[SPARK-10868] monotonicallyIncreasingId() supports offset for indexing #14568

tedyu · 2016-08-09T20:14:26Z

What changes were proposed in this pull request?

This PR adds offset to monotonicallyIncreasingId()

How was this patch tested?

Existing tests.

SparkQA · 2016-08-09T20:19:48Z

Test build #63458 has finished for PR 14568 at commit 4a4e247.

This patch fails Scala style tests.
This patch merges cleanly.
This patch adds the following public classes (experimental):
- case class MonotonicallyIncreasingID(offset: Long = 0) extends LeafExpression with Nondeterministic

hvanhovell · 2016-08-09T20:25:58Z

Add a test?

hvanhovell · 2016-08-09T20:28:20Z

...yst/src/main/scala/org/apache/spark/sql/catalyst/expressions/MonotonicallyIncreasingID.scala

@@ -40,13 +40,14 @@ import org.apache.spark.sql.types.{DataType, LongType}
      represent the record number within each partition.
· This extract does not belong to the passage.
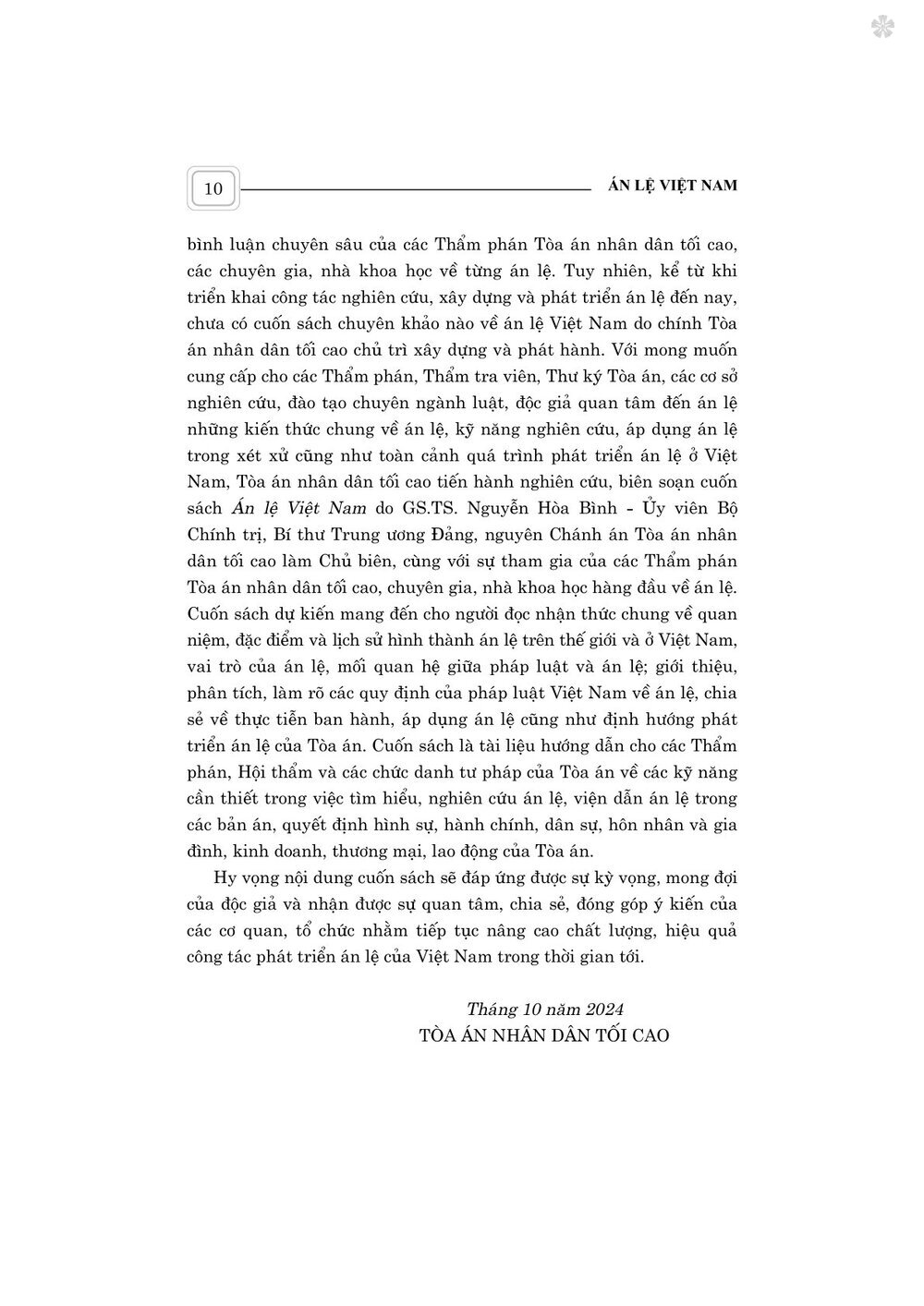 Trên cơ sở khái quát quá trình phát triển án lệ ở Việt Nam và kinh nghiệm xây dựng, áp dụng án lệ ở một số quốc gia trên thế giới, cuốn sách chuyên khảo Án lệ Việt Nam phân tích thực trạng áp dụng án lệ trong thực tiễn xét xử và khuyến nghị một số giải pháp nhằm nâng cao chất lượng quá trình nghiên cứu, đề xuất, công bố và áp dụng án lệ. Ngoài 3 chương chính, phần phụ lục của cuốn sách giới thiệu toàn văn 72 án lệ đã được công bố và phát triển từ các bản án, quyết định của Tòa án nhân dân các cấp.

The assumption is that the data frame has
      less than 1 billion partitions, and each partition has less than 8 billion records.""",
  extended = "> SELECT _FUNC_();\n 0")
-case class MonotonicallyIncreasingID() extends LeafExpression with Nondeterministic {
+case class MonotonicallyIncreasingID(offset: Long = 0) extends LeafExpression


Check if this still works in SQL. We might have to change offset into a literal expression. See HyperLogLogPlusPlus or NTile for examples of this.

case class HyperLogLogPlusPlus( child: Expression, relativeSD: Double = 0.05, mutableAggBufferOffset: Int = 0, inputAggBufferOffset: Int = 0)

The change seems to be in line with HyperLogLogPlusPlus ctor.

It calls one of these constructors: https://github.com/apache/spark/blob/master/sql/catalyst/src/main/scala/org/apache/spark/sql/catalyst/expressions/aggregate/HyperLogLogPlusPlus.scala#L62-L72

SparkQA · 2016-08-09T20:54:18Z

Test build #63462 has finished for PR 14568 at commit ea77d78.

This patch fails Scala style tests.
This patch merges cleanly.
This patch adds no public classes.

hvanhovell · 2016-08-09T21:12:34Z

sql/core/src/main/scala/org/apache/spark/sql/functions.scala

   * @group normal_funcs
-   * @since 1.6.0
+   * @since 2.0.1


Lets make this 2.1.0. Could you also add a little bit of documentation on the offset? One line suffices.

hvanhovell · 2016-08-09T21:15:28Z

A high-level question: is it a problem when the offset is larger than 1 << 33? I can't really think of one.

rxin · 2016-08-09T21:21:35Z

So I'm still confused what offset does, even after reading the code. Can you please write a more clear documentation? An example would help.

Also let's update the Python API as well, and add an integration test for SQL.

SparkQA · 2016-08-09T21:40:52Z

Test build #63459 has finished for PR 14568 at commit 46ea8a4.

This patch fails Spark unit tests.
This patch merges cleanly.
This patch adds the following public classes (experimental):
- case class MonotonicallyIncreasingID(offset: Long = 0) extends LeafExpression

SparkQA · 2016-08-09T22:04:37Z

Test build #63472 has finished for PR 14568 at commit 8198d9c.

This patch fails Python style tests.
This patch merges cleanly.
This patch adds no public classes.

SparkQA · 2016-08-09T22:18:59Z

Test build #63466 has finished for PR 14568 at commit 81e342d.

This patch fails Spark unit tests.
This patch merges cleanly.
This patch adds no public classes.

SparkQA · 2016-08-09T22:38:40Z

Test build #63469 has finished for PR 14568 at commit f78d6aa.

This patch fails Spark unit tests.
This patch merges cleanly.
This patch adds no public classes.

SparkQA · 2016-08-09T22:52:16Z

Test build #63470 has finished for PR 14568 at commit 1107182.

This patch fails Spark unit tests.
This patch merges cleanly.
This patch adds no public classes.

SparkQA · 2016-08-09T23:26:35Z

Test build #63473 has finished for PR 14568 at commit b713f23.

This patch fails Spark unit tests.
This patch merges cleanly.
This patch adds no public classes.

SparkQA · 2016-08-10T00:07:58Z

Test build #63475 has finished for PR 14568 at commit 4d0cd3a.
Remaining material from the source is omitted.